- Born: Sacramento, California, U.S.
- Occupations: Television director, producer
- Years active: 1990–present

= Devin DeHaven =

American television director and producer

Devin DeHaven is a Greek-American television director and producer. His career has spanned three decades with hundreds of live concerts, talk shows and music festivals. He has produced concert cinema releases for Twenty One Pilots "More Than We Ever Imagined" for IMAX and Trafalgar Releasing, the band Ghost's Rite Here Rite Now" and Laufey's "A Night at the Symphony:Hollywood Bowl".

He started his career at Propaganda Films as a music video director, followed by the forming of Fortress Studios, which produced dozens of tour and concert DVD's. His first music video was for the band P.O.D. and followed with tour DVD's for Xzibit, Papa Roach, Korn, Kurupt, Tha Alkaholiks, DJ Quik and others.

Fortress not only produced live shows and festivals, but changed the landscape of live music broadcasts. Taking a unique approach to the craft, pioneering cinematic approaches to festivals, introducing different camera systems and production concepts, and utilizing cloud technology to craft a new, more creative and cost effective way to approach production. Notable highlights include Rock In Rio, New Orleans Jazz & Heritage Festival, Outside Lands, Gov Ball, Life is Beautiful, Electric Daisy Carnival, and many others.

Fortress is now a leader in produciing concert films and other special events for worldwide cinema.

== Artists ==

Partial ist of artists collaborations:

- Harry Styles
- Twenty One Pilots
- Selena Gomez
- Laufey
- Chase Atlantic
- Ghost_(Swedish_band)
- Charli XCX
- KISS
- Ringo Starr
- John Mellencamp
- Twenty One Pilots
- Bruce Springsteen
- Duran Duran
- Linkin Park
- Snoop Dogg
- Xzibit
- Sammy Hagar
- Dennis DeYoung
- Korn
- Papa Roach
- The Lumineers
- Darius Rucker
- Ceelo Green
- Whitesnake
- Ben Folds
- Aerosmith

== Concert films ==
Twenty One Pilots - More Than We Ever Imagined (Executive Producer)

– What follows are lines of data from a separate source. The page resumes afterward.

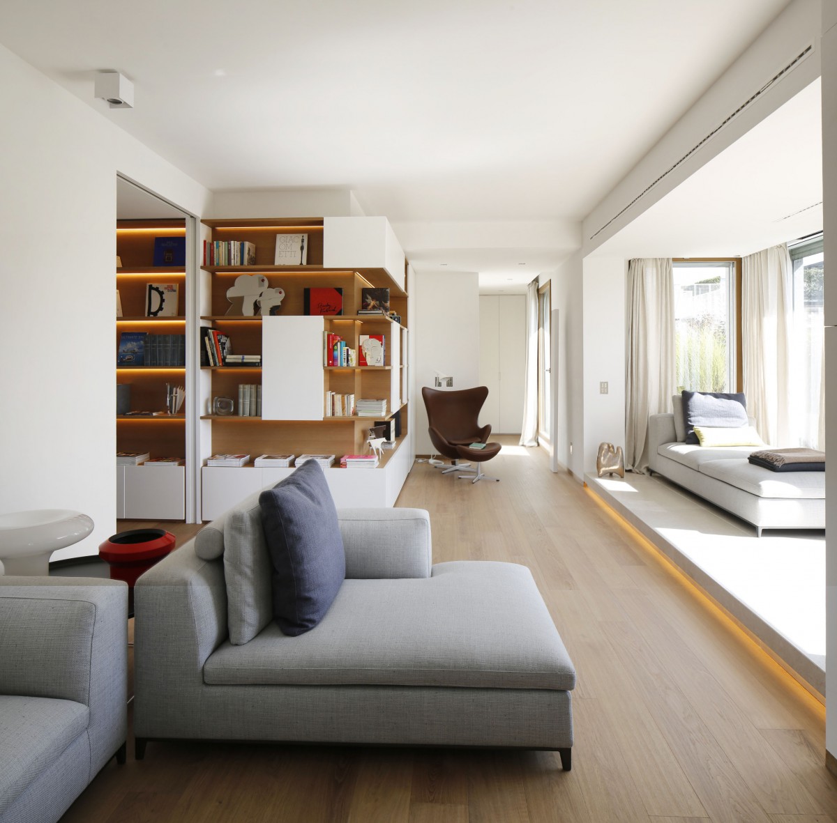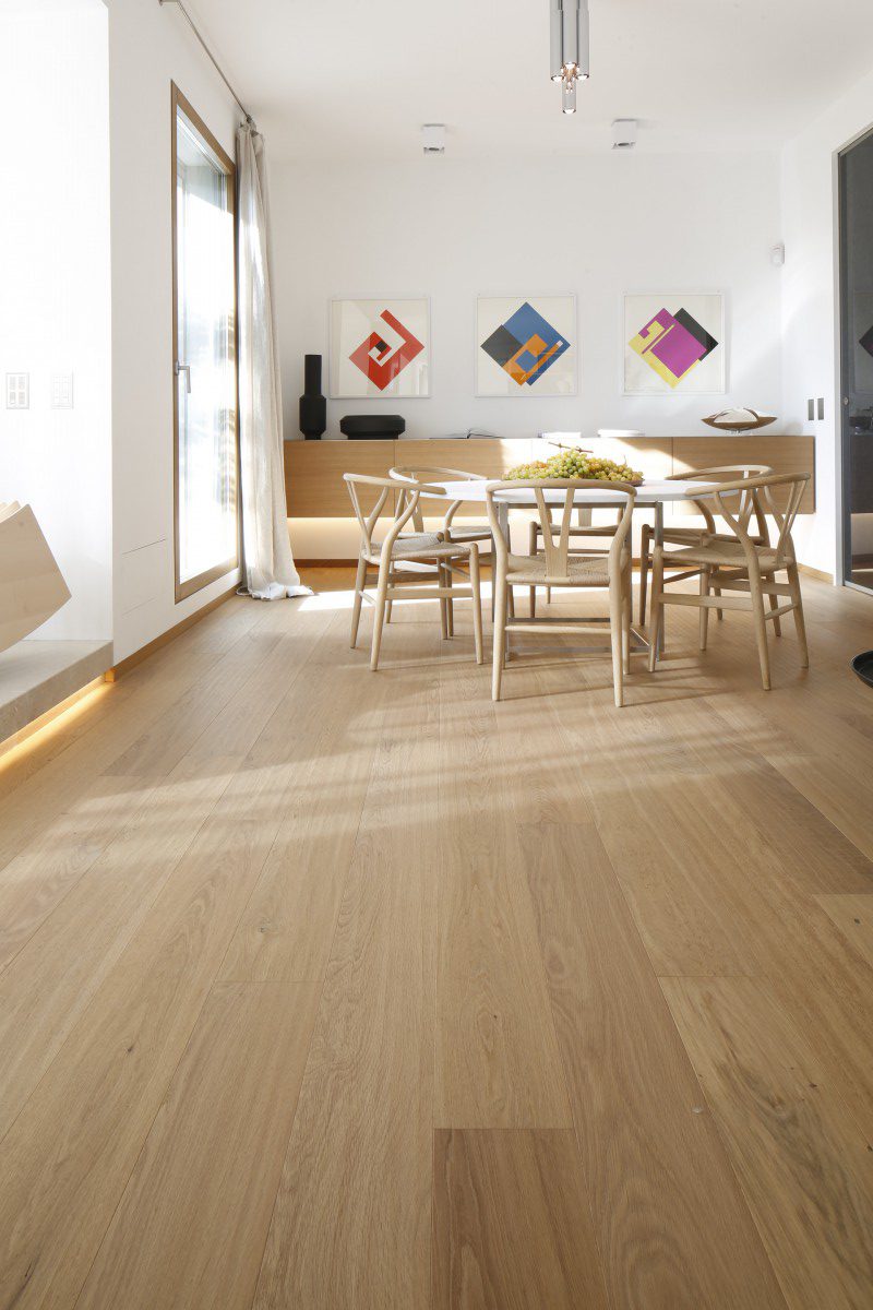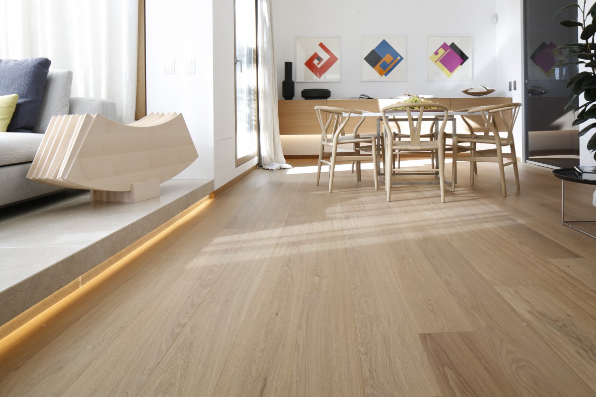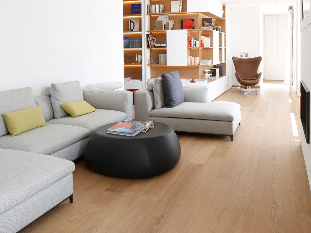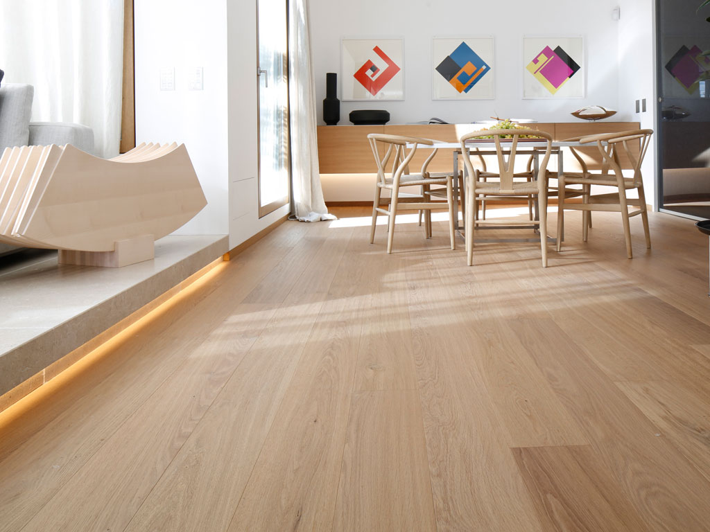 Powierzchnie ścian pokryte naturalnym wapnem są nieprzeźroczyste, miękkie i aksamitne w dotyku. Ta nieskazitelna ścienna biel idealnie komponuje się ze stylową podłogą drewnianą Heritage traccia Civita z kolekcji Atelier od Listone Giordano. Dzięki wykończeniu Invisible Touch Fibramix lakierowany dąb francuski w jasnej tonacji przypomina w wyglądzie i w dotyku podłogę olejowaną. Na specjalne życzenie projektanta zachwyconego techniką strugania desek starymi metodami, powstały również listwy na bazie desek parkietowych. To szlachetne drewno, pokrywające równomiernie całą poziomą powierzchnię, nadaje przestrzeni mieszkalnej nowoczesnego, a zarazem ciepłego klimatu.
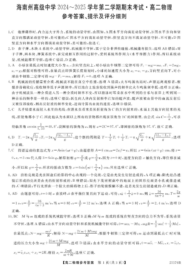 高二物理答案--青海省海南藏族自治州高级中学2024-2025学年高二下学期期末考试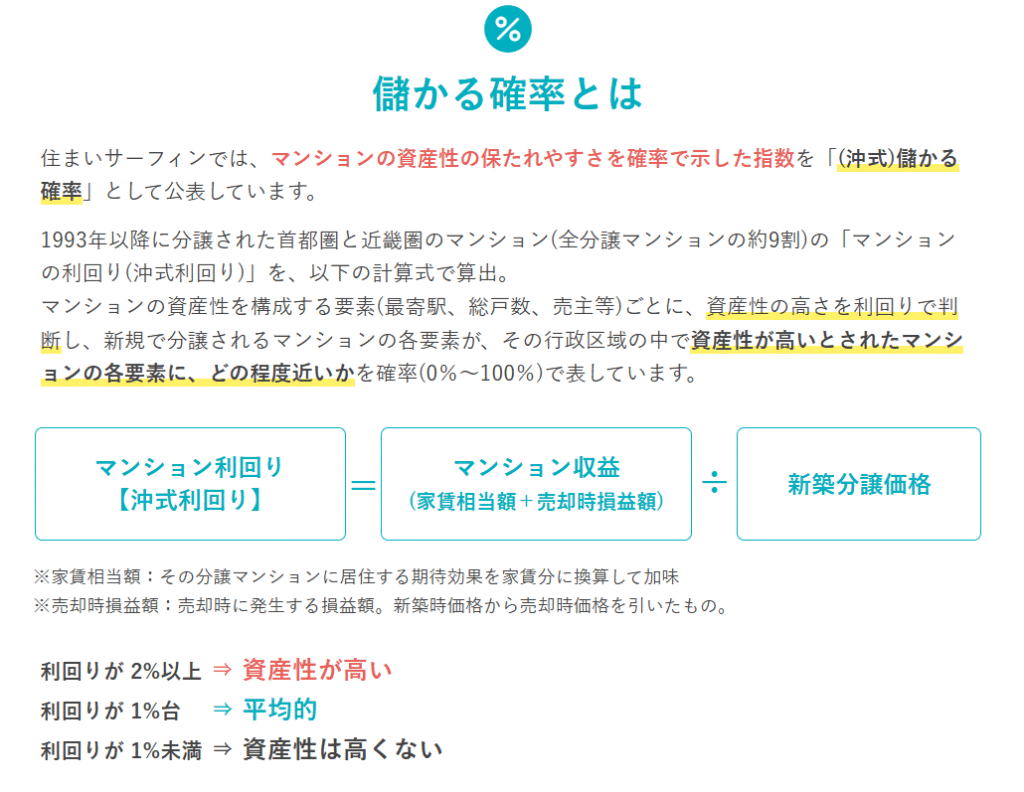 「沖式儲かる確率」とは、過去の物件の含み益が出た割合をカテゴリー毎に算出し、その物件の属するカテゴリー別数値を平均して算出しています。カテゴリーは徒歩圏であれば、5分以内、10分以内のように分割されています。対象カテゴリーは、立地(行政区・駅・徒歩)、物件属性(総戸数・階数・面積帯・価格帯)などで構成されています。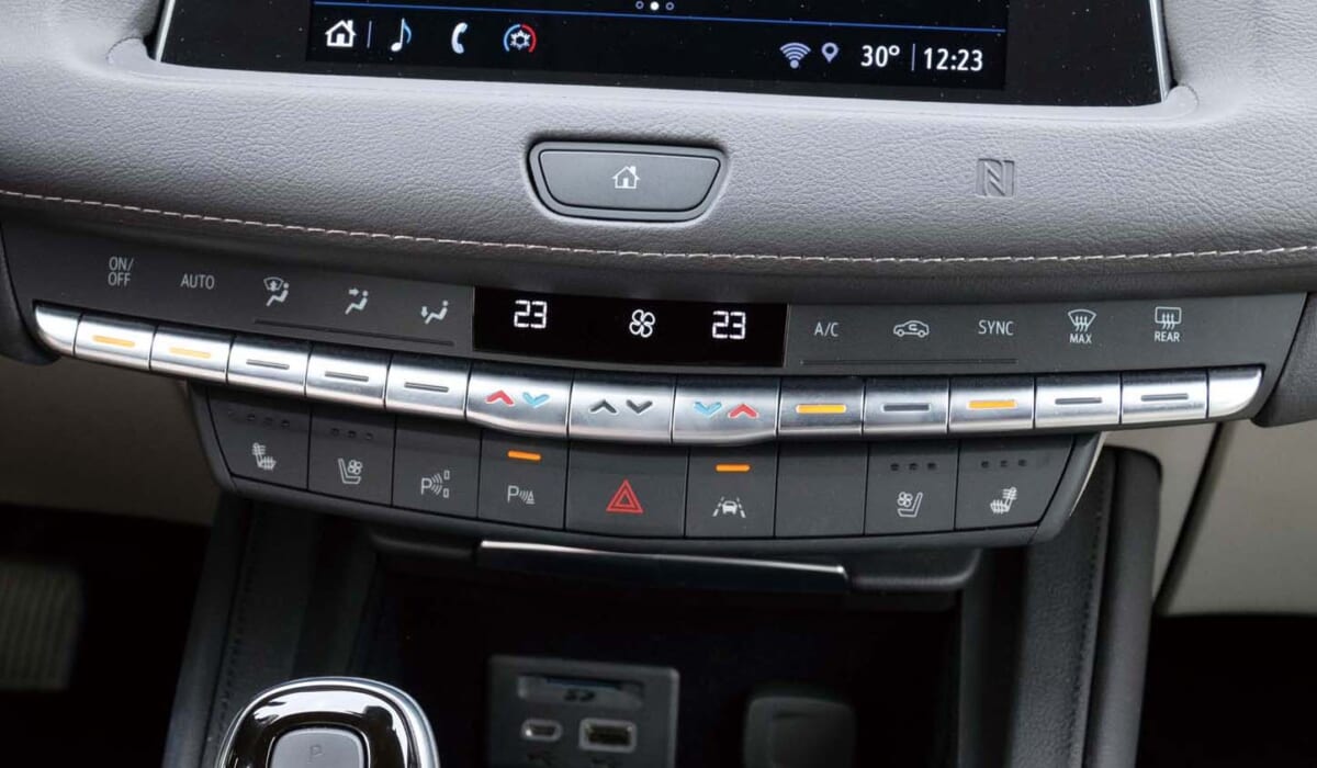 グレードにもよりますが、イオン発生除菌機能付きのオートエアコンが採用されているというのは現代的で、まるで日本車のような配慮です。また、このスイッチ類が真横に一直線に並べられた姿は壮観でもあります。
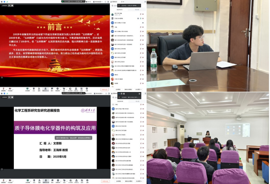 2025年5月9日下午,为弘扬五四精神,展现青年学子的时代担当,NT动漫 研究生第六党支部、本科社区党支部和本科雏鹰党支部与清华大学化工系化工研三第2党支部、天津大学化工学院2023级硕士生生化第二党支部、南开大学化学学院高分子所第六党支部和化学系无机研究生第一党支部四校四院七支部共同开展了“五四精神,化炼青春”联合主题党日活动。活动采取线上线下相结合的方式,围绕五四精神、青年担当和学术创新展开深入交流。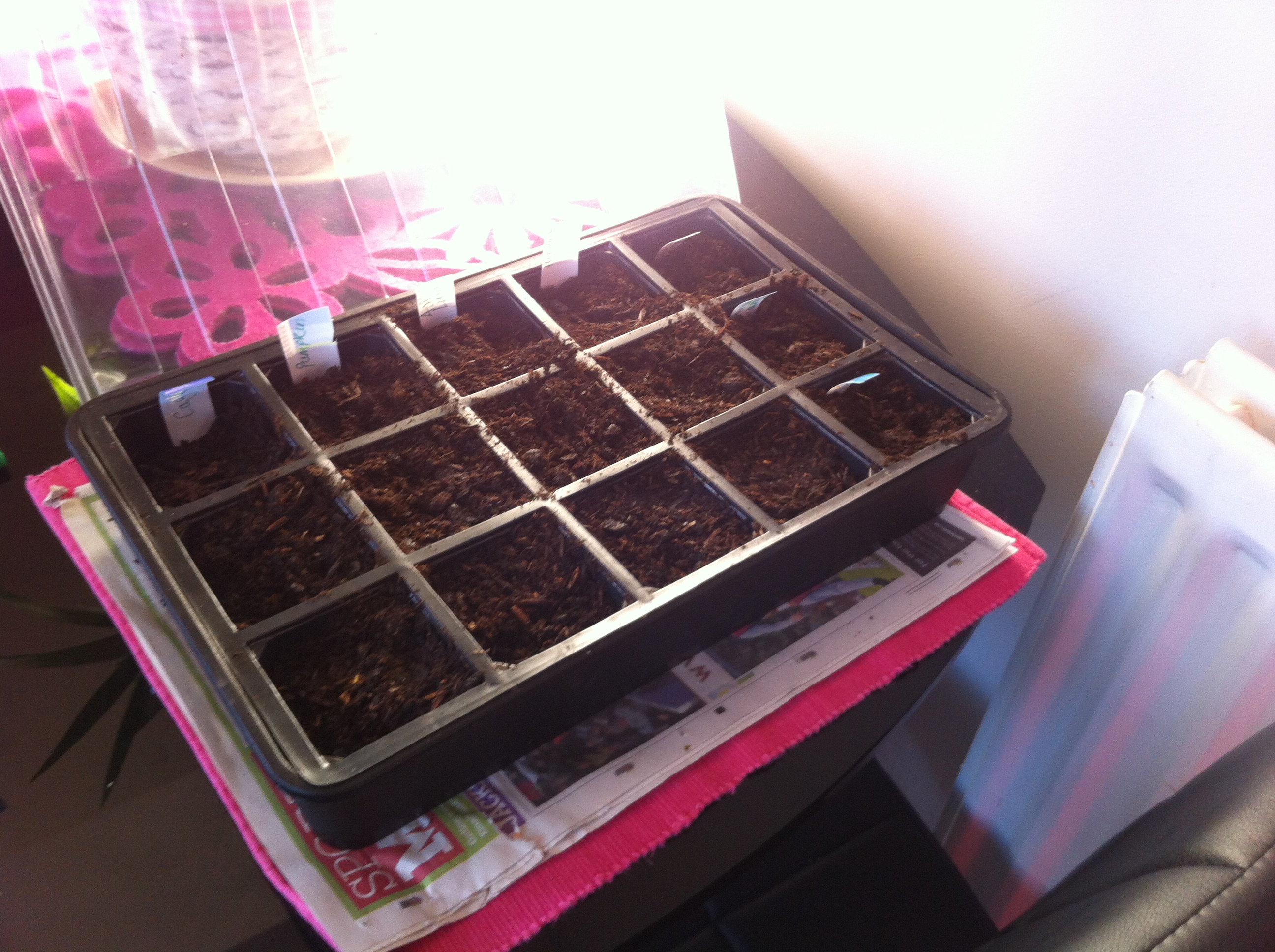 Compost was placed into the modules, moistened and kept at room temperature for a while to warm up. There are five seeds per module compartment for most of the above seeds. This was all then placed into an unheated propogator, secured with elastic bands so nothing escapes. Placed then in a warm place.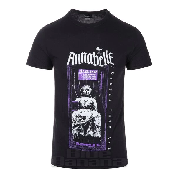 Any horror fan will recognise this creepy character! The Annabelle T-shirt features the scary doll locked in her showcase with ‘Possess Them All’ text.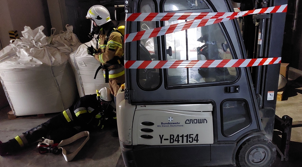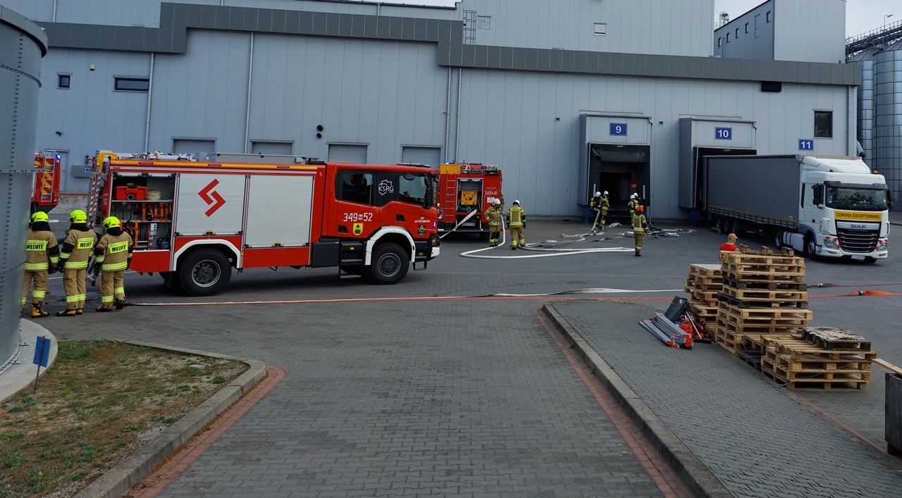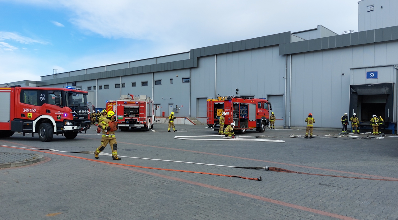 Ćwiczenia zakładały wystąpienie awarii wózka widłowego (zwarcie instalacji elektrycznej), w wyniku której powstał pożar w punkcie przyjęć budynku produkcyjnego. Dym i gazy pożarowe przedostały się na magazyn oraz całą kondygnację przez niezamknięte drzwi w korytarzu. W wyniku podjętych działań gaśniczych wewnątrz hali magazynowej, ranny został jeden ratownik, który został niezwłocznie ewakuowany w bezpieczne miejsce i zaopatrzony medycznie.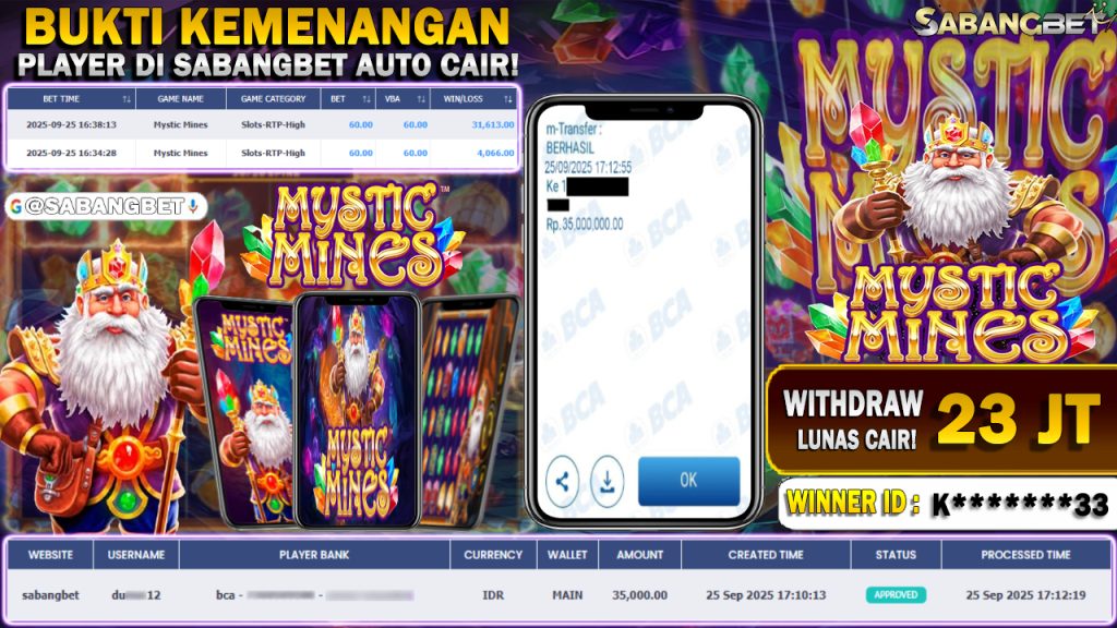 BUKTI KEMENANGAN 25 SEPTEMBER 2025 DI GAME MYSTIC MINES WD 35 JUTA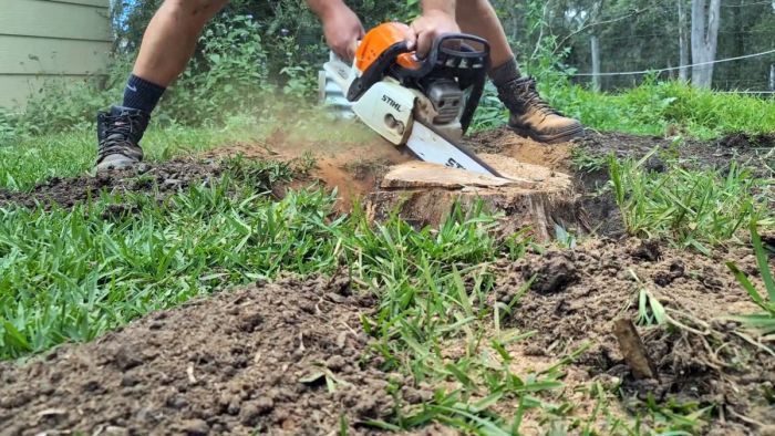 Для полного удаления пня требуется его обкопать, чтобы обнажить толстые боковые корни. Используя бензопилу нужно перепилить видимые главные ответвления корней и разрезать пень вдоль накрест, покуда позволяет длина шины.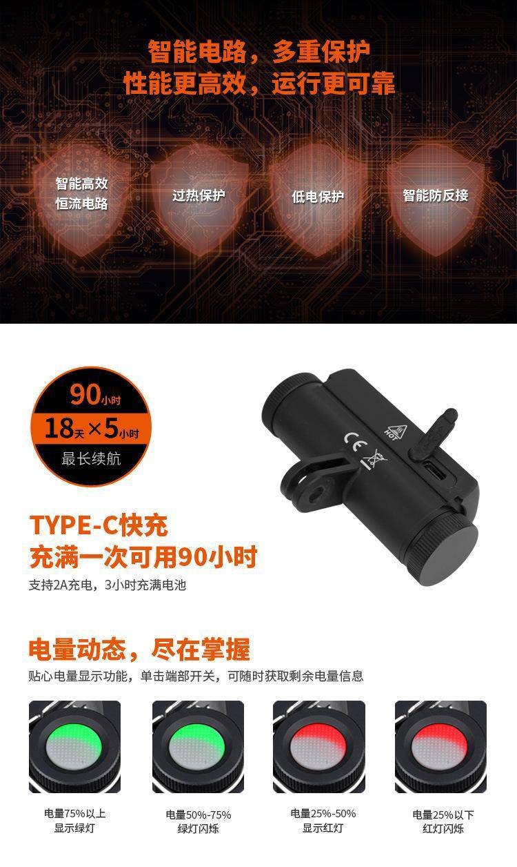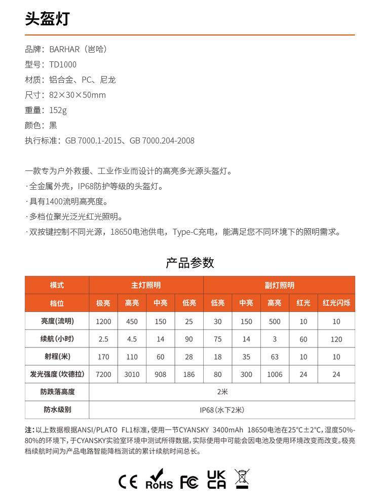 BARHAR岜哈 头盔灯 强光防水头灯聚光泛光红光高显色18650电池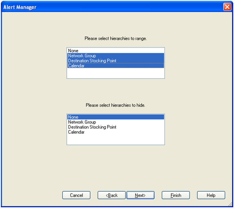 Select hierarchies for the new workbook and click Next. In most cases, both product and location hierarchies should be selected. In this case, since we are reviewing a Network Alert, we select the Network Group, Destination Stocking Point, and Calendar hierarchies. At this time, the wizard for the workbook template that was selected is displayed. The Alert Manager - Available Destination Stocking Points Window appears.

a concert film documenting the band's massive Mexico City show at Estadio GNP Seguros during The Clancy World Tour. Directed by Mark C. Eshleman, the film features 65,000 fans, behind-the-scenes content, and exclusive commentary from Tyler Joseph and Josh Dun, released in IMAX and theaters globally on February 26, 2026

GHOST - Rite Here Rite Now (Executive Producer)

A 2024 American concert film directed by Tobias Forge and Alex Ross Perry. It features Swedish rock band Ghost performing at the Kia Forum in Inglewood, California, on the final two North American dates of their 2023 Re-Imperatour concert tour. The live concert footage was directed by Jim Parsons. The film includes a narrative story based on a web series produced by the band, which incorporates fictional characters and lore surrounding them.

Rite Here Rite Now was released in cinemas globally by Trafalgar Releasing on June 20 and 22, 2024

LAUFEY - A Night at the Symphony: Hollywood Bowl (Executive Producer)

2024 concert movie filmed from Icelandic singer-songwriter Laufey's Bewitched Tour August 6 show at the Hollywood Bowl. There, she performed alongside the Los Angeles Philharmonic conducted by Thomas Wilkins. The film presents a majority of the songs played at the show broken up by behind-the-scenes clips where Laufey discusses her upbringing and musical journey

The film was directed by Sam Wrench, produced by Veeps Studios, and distributed to cinemas by Trafalgar Releasing. Laufey's sister, Junia Lin Jonsdottir, served as the film's creative director.

P.O.D. - ECHOES (Executive Producer)

Currently in production. A long form documentary on the band P.O.D. chronicling their career, featuring archive footage, live performances and interviews with the band, fellow artists, producers and other key players in the industry. Directed by Christian Lamb and slated to be released in 2026.

== Talk shows ==

BEHIND THE RHYME (Executive Producer/Director)

Behind The Rhyme hosted by Kool Moe Dee that features current stars and legends of hip hop in an intimate one on one setting. The first episode premiered in June 2017 with guest Chuck D.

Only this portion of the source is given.